In the general case, and as a general principle to follow beyond this specific example, I think applications (and flint) can rely on the implementations erroring; and I don’t see why flint needs to protect me from the implementation erroring. Yes the error can happen sooner if you can detect it syntactically; but you’re on a slippery slope, and I think it’s more principled to stay out of static analysis or type checking etc. Yes those could be useful things; but I think they should be built on top of something like flint; or it’s intermediate representation, and not baked into the parsing itself. In this specific case; I think (though I’m not 100% sure) we’ve discovered that Jena is returning the wrong result in this case. It should be removing the binding from that solution during evaluation; not erroring during parsing. Is it a big deal? Not really; because why would you write query. My point on common subset is really that the spec should be the common subset you implement; and that you should focus on correctness and the grammar/parsing. Jena is I think strictly speaking doing less than the spec requires here, so flint doing that would mean flint is targeting the lowest common denominator of sparql; which will be less than sparql itself specifies. Then once you have that subset you could possibly choose to increase the size of grammar beyond the spec by supporting various syntax extensions some implementations may provide. I’m not suggesting this by the way; just that you could.

Kelvin 2022-08-01T14:05:22.054129Z

Also another question: according to the https://www.w3.org/TR/sparql11-query/#sparqlGrammar a GROUP BY clause is defined as:

GroupClause    ::= 'GROUP' 'BY' GroupCondition+
GroupCondition ::= BuiltInCall | FunctionCall | '(' Expression ( 'AS' Var )? ')' | Var

Kelvin 2022-08-01T14:05:52.550539Z

Where BuiltInCall and FunctionCall exclude pure arithmetic expressions like (?x + ?x)

Kelvin 2022-08-01T14:06:32.728109Z

Yet this seems to be legal in Jena?

SELECT (SUM(?z) AS ?sum)
WHERE {
  ?x ?y ?z .
}
GROUP BY (?x + ?x) ; not a function of the form FNAME(args...)

quoll 2022-08-02T15:36:11.281459Z

This is legal because (?x + ?x) is an expression (the 3rd GroupCondition)

Kelvin 2022-08-02T15:39:41.274839Z

Yep @eric.d.scott pointed that out to me yesterday!

quoll 2022-08-02T15:56:12.061779Z

I read further down and saw that

quoll 2022-08-02T15:57:07.725569Z

The horrible part about that BNF is writing code that implements it 😖

quoll 2022-08-02T15:57:36.903269Z

You can have code that performs all of the operations, but actually connecting it to the parsed grammar is a pain

2022-08-01T15:13:47.449809Z

As I read this, ?y would have to be a URI and not a numeric literal.
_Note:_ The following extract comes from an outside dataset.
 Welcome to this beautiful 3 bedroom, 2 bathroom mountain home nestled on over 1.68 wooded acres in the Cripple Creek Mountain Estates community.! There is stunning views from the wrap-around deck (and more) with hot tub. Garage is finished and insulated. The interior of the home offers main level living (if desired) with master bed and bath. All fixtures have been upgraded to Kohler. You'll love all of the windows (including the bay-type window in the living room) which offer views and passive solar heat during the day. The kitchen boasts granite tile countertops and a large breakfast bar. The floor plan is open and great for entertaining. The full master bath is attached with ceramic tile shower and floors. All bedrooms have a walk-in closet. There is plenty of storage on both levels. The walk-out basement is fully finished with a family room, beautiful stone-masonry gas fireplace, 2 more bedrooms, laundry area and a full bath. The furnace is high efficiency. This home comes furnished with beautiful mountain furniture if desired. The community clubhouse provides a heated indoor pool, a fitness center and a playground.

Can you SUM over URIs?

quoll 2022-08-02T15:36:32.701339Z

Not according to the spec, no

Kelvin 2022-08-01T15:26:49.882419Z

Oh these were just junk bindings that I cooked up to demonstrate the example

Kelvin 2022-08-01T15:27:12.880599Z

But I’ll change it to ?z to make it more correct

2022-08-01T15:34:34.691359Z

So the problem is that GROUP BY (?literal1 + ?literal2) fails but BIND(?literal1 + ?literal2 AS ?literal3) / GROUP BY (?literal3) does work?
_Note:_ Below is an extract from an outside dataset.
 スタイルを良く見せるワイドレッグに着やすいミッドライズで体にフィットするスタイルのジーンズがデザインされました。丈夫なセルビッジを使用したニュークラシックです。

Kelvin 2022-08-01T15:36:15.715339Z

The problem is that GROUP BY (?literal1 + ?literal2) SHOULD fail according to the grammar but it doesn’t

❌ 1
2022-08-01T15:41:29.784619Z

So the critical part is here, then, I think: '(' Expression ( 'AS' Var )? ')'

2022-08-01T15:42:29.411049Z

I think the ? after the ('AS Var)' makes that optional, so I think you're within your rights to just put an Expression

👍 1
Kelvin 2022-08-01T15:47:17.642959Z

Ooooh

2022-08-01T15:47:37.261969Z

Though I can't think of how you'd reference that downstream.

Kelvin 2022-08-01T15:47:58.353299Z

Well that’s a confusing way to write BrackettedExpression | '(' Expression 'AS' Var ')'

Kelvin 2022-08-01T15:49:27.395479Z

> Though I can’t think of how you’d reference that downstream. It’s all part of covering my bases when it comes to syntax, even if semantically it doesn’t make sense

2022-08-08T11:39:57.530429Z

I think the SPARQL grammar mandates an unsigned / non negative integer in those places too though; so I think it’s reasonable for flint to do the same there too.

2022-08-02T08:57:53.315049Z

☝️ I think you’ve hit the nail on the head here and that this is the right intuition! i.e. focus on grammar/syntax in flint and covering your bases. Don’t shrink the grammar because some statements within the grammar are nonsensical. It’s always the case in essentially language/grammar of sufficient complexity that there are syntactically valid statements which are nonsensical. The best known ways to short cut this are type-checkers; and it’s proven that even the most advanced type checkers can’t detect all possible errors.

Kelvin 2022-08-02T15:38:06.716139Z

Indeed, I don’t want Flint to become a type checker - notice how expressions are completely untyped. I think one issue is that the line between pure syntax checking and type checking can get quite blurred, especially when you have a contract system like Spec.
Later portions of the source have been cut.